Untuk persoalan yang muncul akibat kebijakan negara dalam bidang politik ekonomi, menurut Islam negaralah yang bertanggung jawab menyelesaikannya. Sebab, negara merupakan pengurus (rain) bagi umat, bukan hanya fasilitator dan regulator yang berpihak kepada para kapital (pemilik modal).
“Imam (pemimpin) itu adalah pengurus rakyat dan ia akan dimintai pertanggungjawaban atas rakyat yang dia urus.” (H.R. Bukhari)
Sedangkan masalah ketenagakerjaan yang muncul akibat semata hubungan pengusaha dan pekerja, maka ini seharusnya dapat diselesaikan sendiri oleh pengusaha dan pekerja.
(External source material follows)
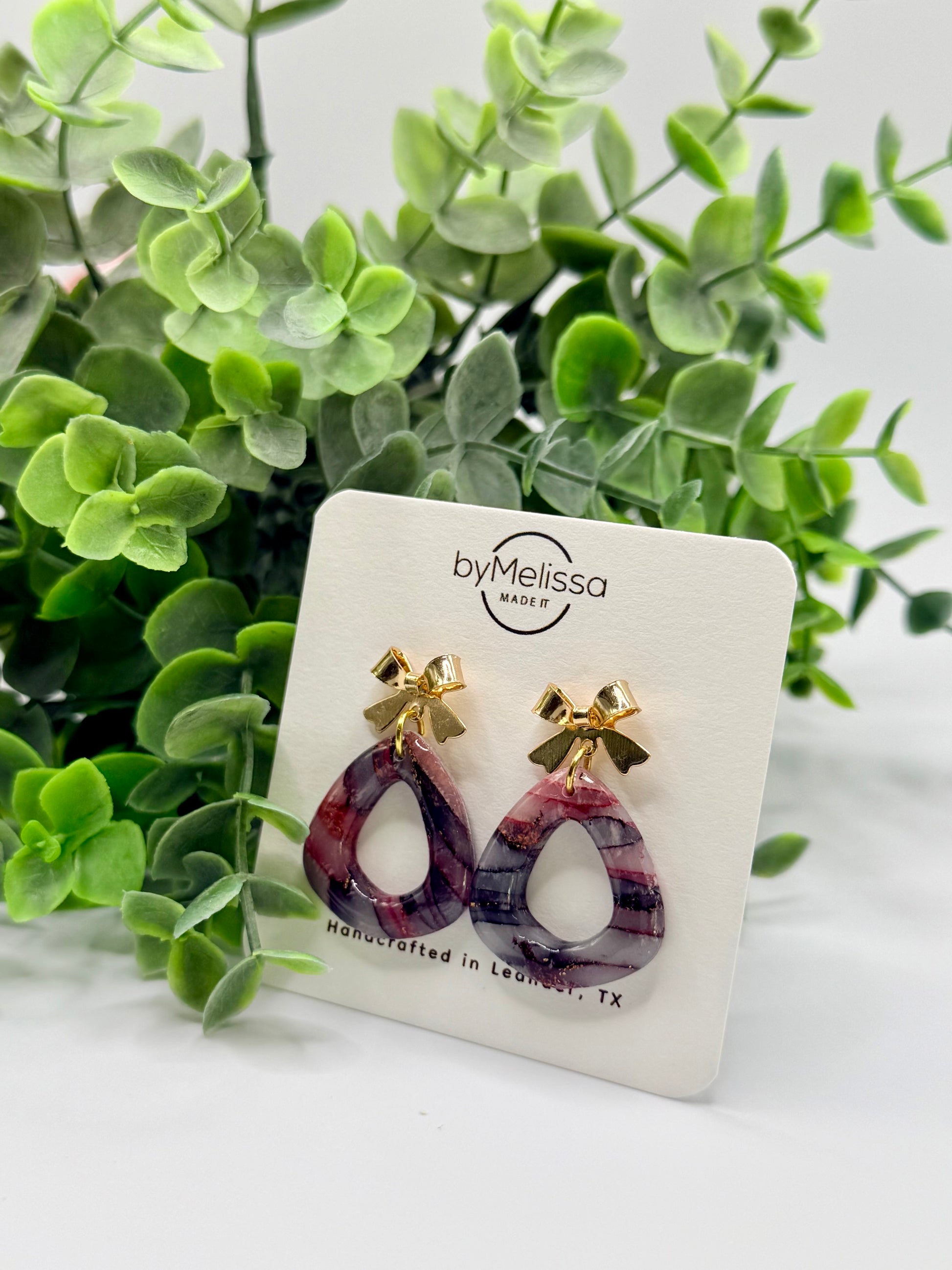 These maroon and black open triangle earrings feature a sleek geometric design accented with petite gold bows for a chic, feminine finish. Handcrafted from polymer clay, they’re lightweight and comfortable for all-day wear. Finished with hypoallergenic stainless steel hardware, they’re safe for sensitive ears and add a bold, stylish touch to any outfit.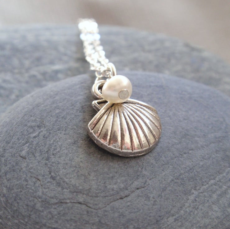 This is a dainty and elegant little sea shell charm pendant necklace with ivory white freshwater pearl dangling by it. It is approximately 1cm. It comes on an 18 inch silver plated chain, there are matching earrings in my shop. Please let me know if you prefer a different chain length.

Islam telah menjelaskan secara rinci bagaimana kontrak kerja pengusaha-pekerja melalui hukum-hukum yang menyangkut ijaratul ajir. Dengan dipatuhi ketentuan-ketentuan Islam dalam hubungan pengusaha dan pekerja, masalah-masalah yang ada dapat diselesaikan dengan lebih baik. Ini semua hanya dapat terwujud jika Islam diterapkan secara Kaffah dalam institusi Daulah Khilafah Islamiyah.